NEW BOOK REVEALS UN-A-PEELING SIDE OF BANANA INDUSTRY

FAYETTEVILLE, Ark. - While slicing a banana onto their cereal this morning, few Americans stopped to consider how that banana arrived at their local grocery stores. Even fewer contemplated that the sweet fruit they held has been a product of bitter conflict for more than a century. A new book examines the history of the banana industry and how America’s taste for this appealing fruit fueled social strife, peasant uprisings and imperialist production tactics throughout Central and South America.

Co-edited by University of Arkansas anthropologist Steve Striffler and Mark Moberg of the University of South Alabama, "Banana Wars: Power, Production and History in the Americas" offers a comprehensive overview of banana cultivation and export over the last century. Experts in sociology, anthropology, history, economics and geography contribute essays that examine the impact of the banana industry on local, regional and international levels.
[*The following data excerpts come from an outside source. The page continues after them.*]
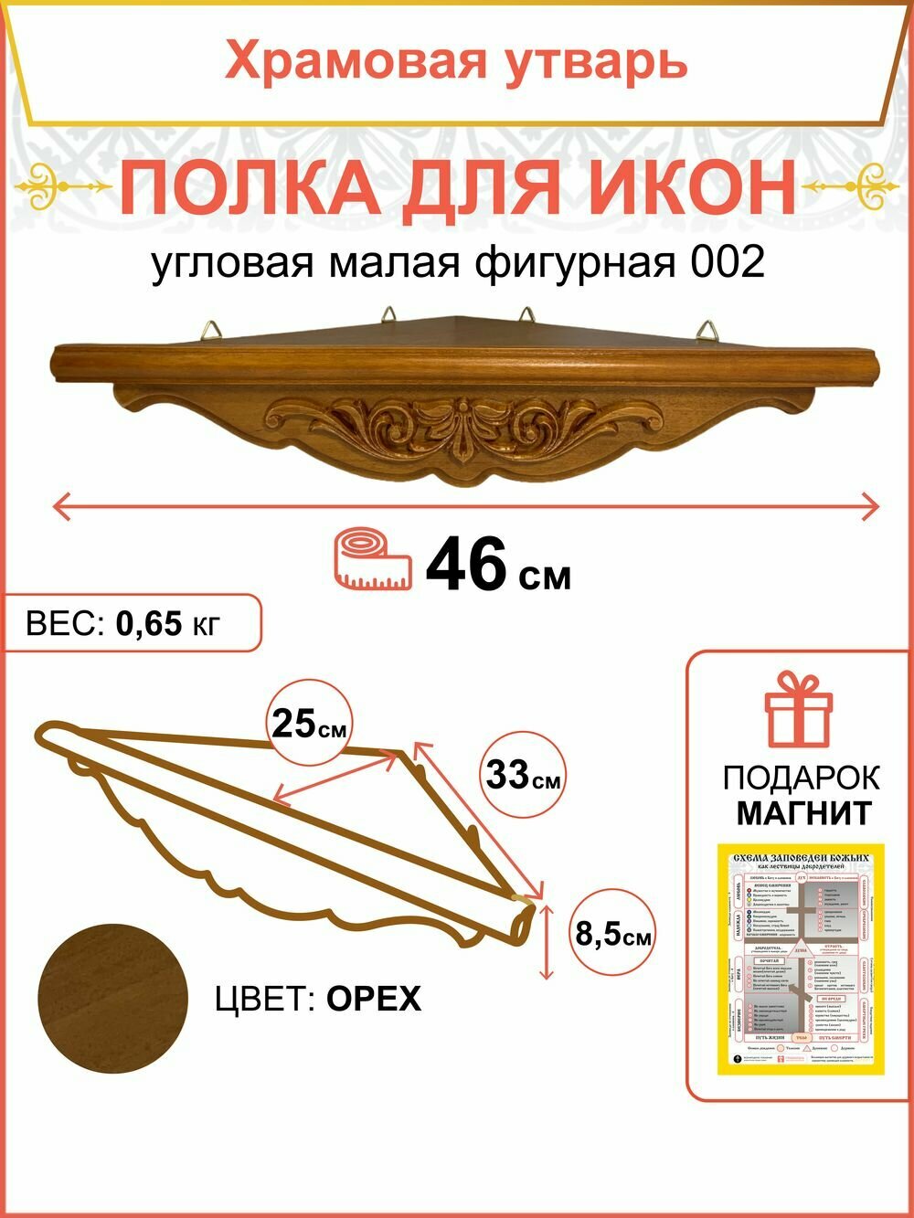 Полка настенная угловая для икон малая фигурная 002 информация: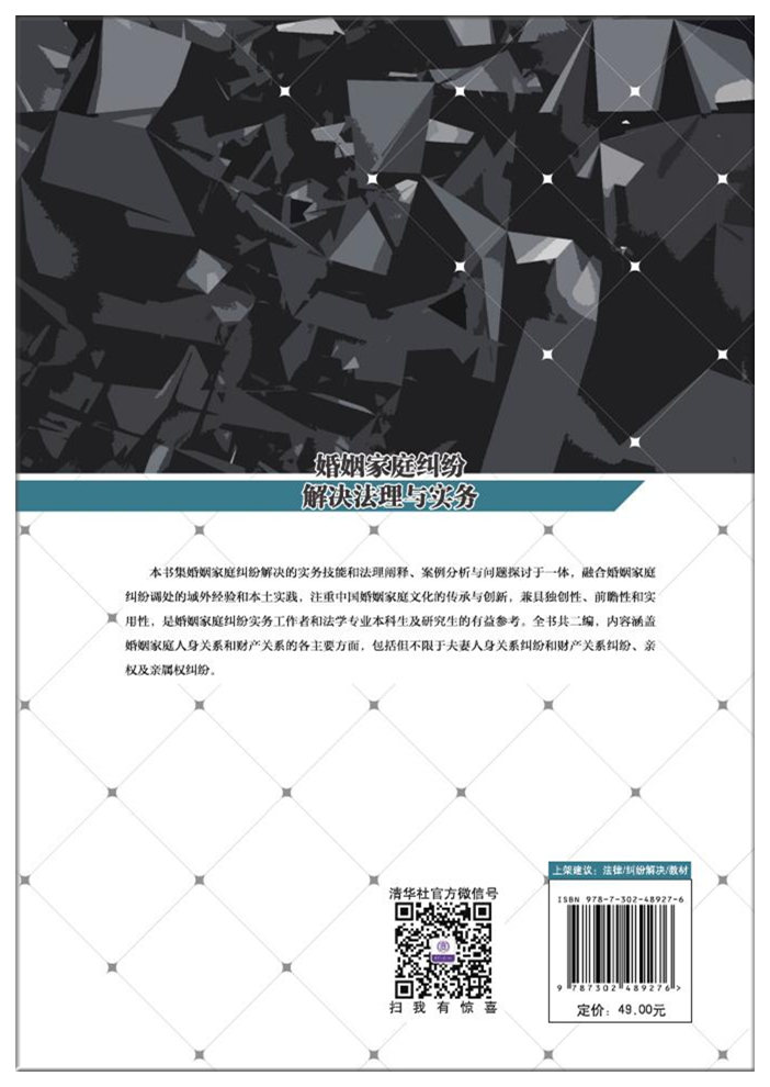 婚姻家庭纠纷解决法理与实务一书的特色:第一,全面阐释婚姻家庭常见纠纷解决的法理;第二,突出婚姻家庭纠纷的热点问题和难点问题;第三,理论与实务相结合。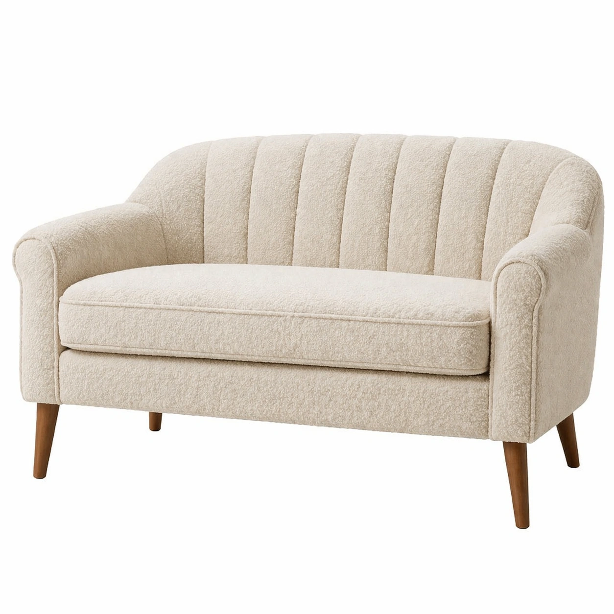 Sofá de dos plazas de tela bouclé beige con patas de madera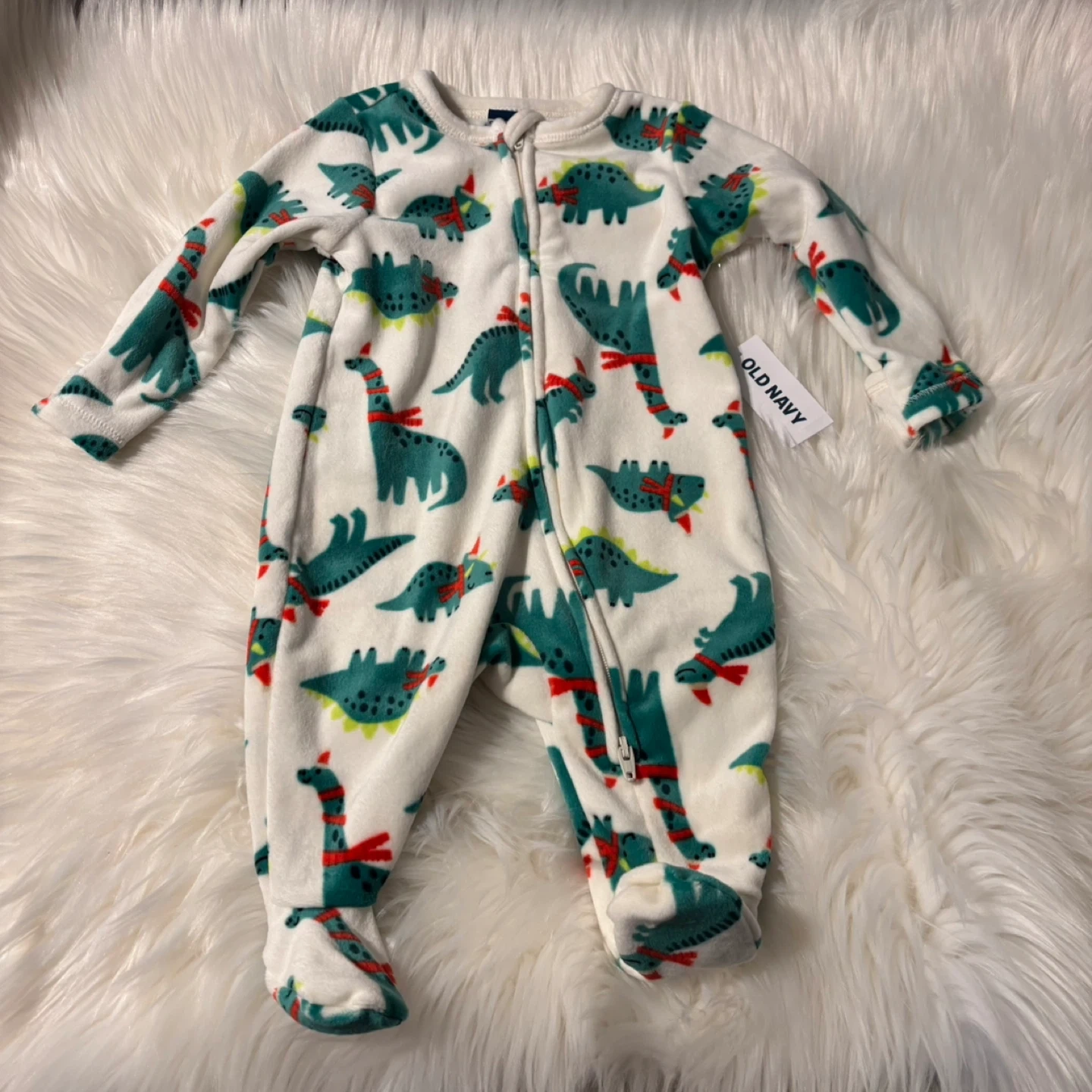 This Old Navy sleepsuit is brand new with tags! It features a cute dinosaur print and is sized for 0-3 months. The original price was $19.99. Perfect for keeping your little one cozy!

"The banana industry is the quintessential case of foreign intervention in Latin America," Striffler said. "Depending on your perspective, this industry was the worst thing to happen to Latin America, in terms of U.S. imperialism, or the best thing, in terms of economic development."

From the beginning, giant American and European corporations - United Fruit (Chiquita) and Standard Fruit (Dole) - held near monopolies on banana production in the Western Hemisphere, Striffler said. They started in Latin America, seizing huge swathes of land in the remotest countries and enlisting peasant workers to live and labor in the compounds.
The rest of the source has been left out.